┌─ THE DATA

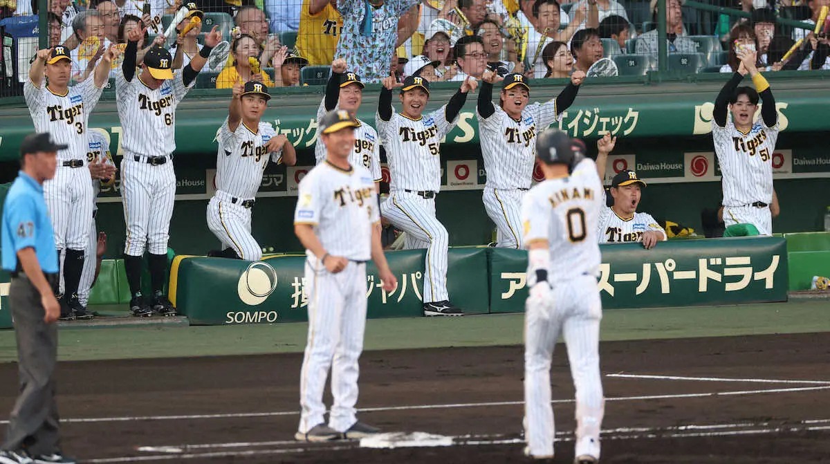<神・巨>初回、木浪の2点適時打に盛り上がる阪神ベンチ(撮影・北條 貴史)
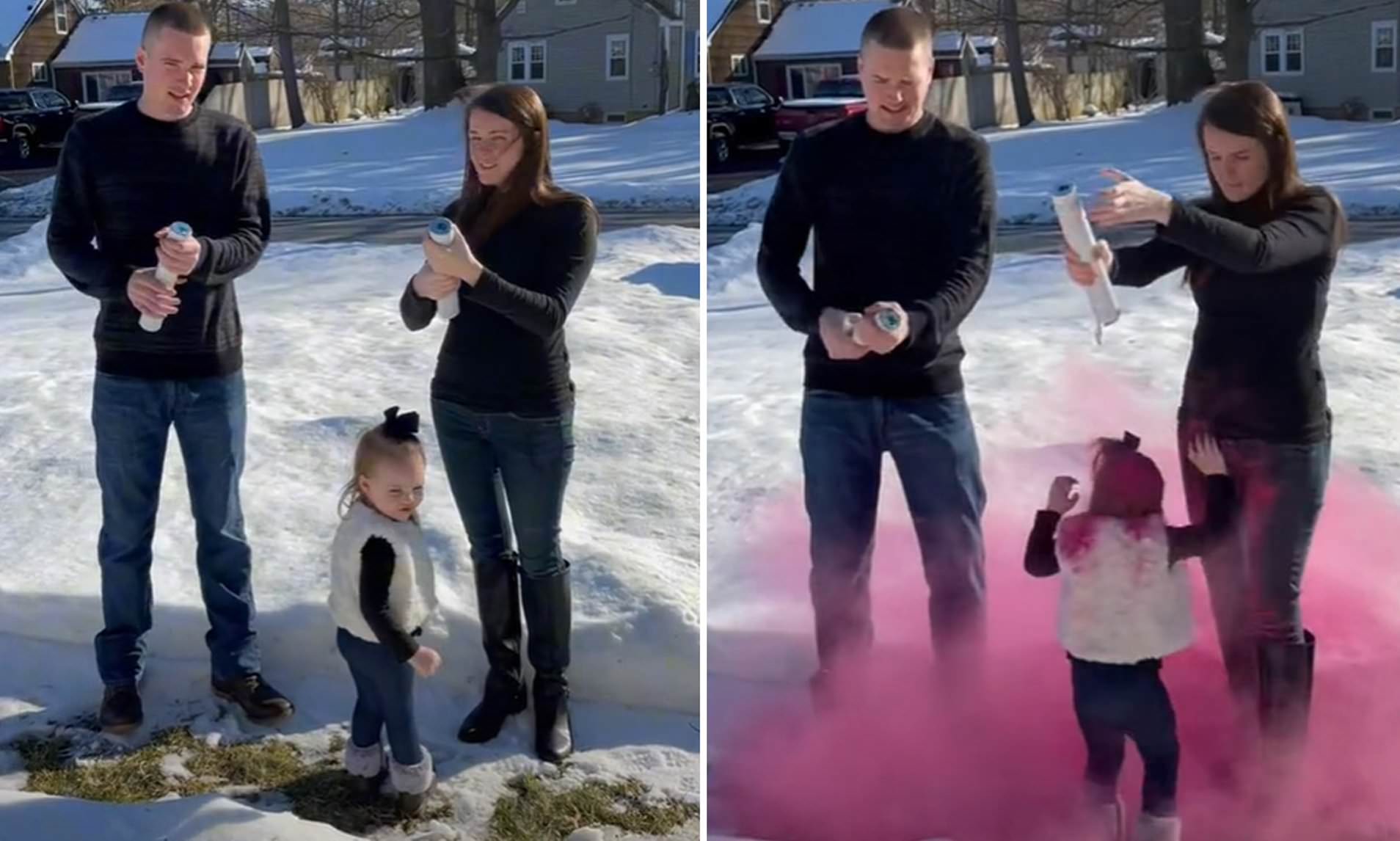 The blasters filled with pink powder were held in an upside-down position by the expecting mother but she failed to realize her error until the end.
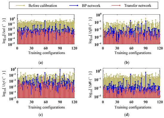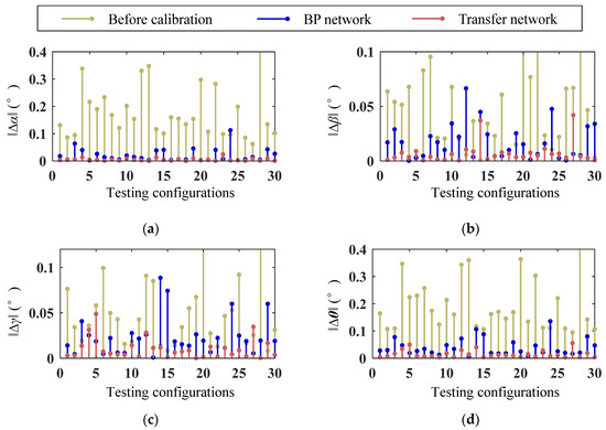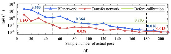 - . In this range, considering each evaluation index, transfer networks continue to demonstrate certain performance advantages over the BP networks. The average for transfer networks is 0.364°, smaller than the BP networks’ 0.038°. Furthermore, as the sample size increases, the transfer network achieves improved absolute prediction accuracy, notably surpassing the accuracy before calibration. This indicates that not only can the transfer network meet the practical calibration application requirements, but it also exhibits stronger predictive capabilities than the conventional BP network. Thus, transfer learning is the most appropriate approach within this range.
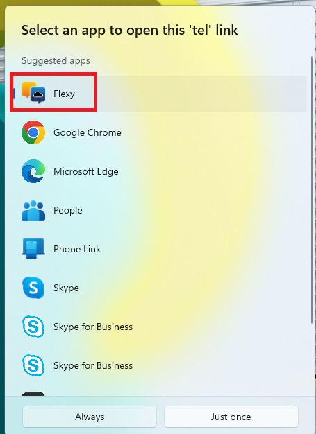 Étape 3 : Choisissez maintenant l'application Flexy ici, puis notre application Flexy Desktop s'ouvrira et vous pourrez passer votre appel ici.

└─

▶ [WHAT IS REQUIRED]
Nothing but the lines from the beginning of the material through the line with "The blasters filled" should appear, printed exactly, with no pictures among them.

▶ [ANSWER]
<神・巨>初回、木浪の2点適時打に盛り上がる阪神ベンチ(撮影・北條 貴史)
 The blasters filled with pink powder were held in an upside-down position by the expecting mother but she failed to realize her error until the end.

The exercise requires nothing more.